Jeremy Jawish (Shift Technology) "Aux Etats-Unis, si vous n'êtes pas là pour automatiser, vous ne les intéressez pas"
Jérémy Jawish, CEO de la licorne française Shift Technology, revient sur son expansion américaine, où l'entreprise réalise la moitié de son chiffre d'affaires.
JDN. Shift Technology a ouvert son premier bureau aux Etats-Unis en 2018. Huit ans plus tard, quel bilan tirez-vous de cette expansion américaine ?
Jeremy Jawish. Nous travaillons pour les assureurs, et le marché américain est plus vaste que l’ensemble du marché européen. A lui seul, il pèse même plusieurs fois le reste du monde. A partir de là, une évidence s’impose : pour devenir un leader mondial, il faut réussir aux Etats-Unis. En 2017, nous avons donc décidé de nous attaquer à ce marché. Contrairement aux autres, où nous étions appelés, celui-ci, nous sommes allés le chercher.
Nous avons commencé par recruter nos premiers collaborateurs sur place cette même année, avant de signer un premier client en 2019. Aujourd’hui, les Etats-Unis représentent 50 % de notre chiffre d’affaires, avec une cinquantaine de clients et environ 200 collaborateurs sur place. Nous disposons d’un bureau à Boston, mais la majorité des équipes est répartie sur le territoire, avec une organisation en full remote adaptée à l’échelle du pays.

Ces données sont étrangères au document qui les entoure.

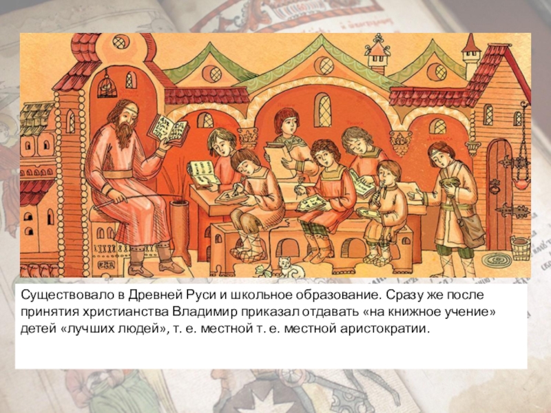 Слайд 23Существовало в Древней Руси и школьное образование. Сразу же после принятия

Quelles sont les spécificités et les difficultés du marché américain d'un point de vue business ?
Il existe des similitudes avec l’Europe, mais les différences sont en réalité nombreuses, à la fois sur le plan technologique et au niveau des mentalités. Pour s’imposer, il faut adapter son produit et ses codes. Aux Etats-Unis, les attentes en matière d’automatisation sont beaucoup plus fortes, compte tenu des volumes. Si vous n'êtes pas là pour automatiser, vous ne les intéressez pas.
Le principal défi est de leur ressembler. Cela passe par des équipes locales, une présence sur place et des standards techniques alignés avec leurs exigences. Chaque détail compte, et cela demande des investissements importants, d’autant plus que recruter des talents américains sans un chiffre d'affaires significatif sur place reste difficile et coûteux.
"Chaque grande ville fonctionne comme un marché à part"
Il faut aussi s’intégrer dans des écosystèmes locaux, en étant présent sur le terrain et dans les réseaux. Contrairement à la France, chaque grande ville fonctionne comme un marché à part. Au final, c’est un marché exigeant, qui demande du temps et des moyens. Le principal risque est d’abandonner trop tôt. J'aurais bien aimé être prévenu que ça allait être si compliqué de s'imposer aux Etats-Unis !
Quelles erreurs avez-vous commises au début de votre aventure américaine ?
Nous en avons fait beaucoup ! Par exemple, utiliser les mauvais mots en anglais lors des démonstrations. Ce sont des détails, mais ils comptent. Nous avons aussi pensé que nos références européennes parleraient d’elles-mêmes, alors qu’en réalité, elles n'intéressent pas les acteurs américains.
"Nos références européennes n'intéressaient pas les acteurs américains"
Le recrutement a également été difficile. Sans réseau et avec une culture différente, il est compliqué d’identifier les bons profils. Les CV sont d’ailleurs difficiles à analyser, car les parcours sont très mouvants, avec des changements fréquents de poste, ce qui rend leur lecture et leur analyse plus complexes.
Quels conseils donneriez-vous à une start-up française qui envisage de se lancer aux Etats-Unis ?
Le premier conseil est de parler à des personnes qui l’ont déjà fait. Il faut aussi se concentrer très tôt sur le recrutement, car ce sont les bonnes personnes qui permettent ensuite de résoudre le reste. Encore une fois, il est difficile d’embaucher de très bons profils américains sans avoir déjà un chiffre d’affaires significatif sur place. Il ne faut pas hésiter à faire appel à des chasseurs de tête, à prendre le temps de bien connaître les candidats et à vérifier les références.
"Il est difficile d'embaucher de très bons profils américains sans avoir déjà un chiffre d'affaires significatif"
Avec désormais un peu de recul, considérez-vous le pari des Etats-Unis comme réussi ?
J'ai toujours du mal à considérer qu'un projet est réussi, il faut que je travaille dessus ! Nous ne nous sommes jamais fixés de début ni de fin. C’est un avantage, car au début, la tentation d'abandonner peut exister : on repart de zéro et il faut investir des dizaines de millions d’euros. On se retrouve face à un marché plus cher, plus complexe, où ce que l’on a construit ailleurs n’a pas forcément de valeur. Mais nous n'avions pas vraiment le choix car si l’on veut devenir un leader mondial dans notre secteur, il est indispensable d’aller sur ce marché.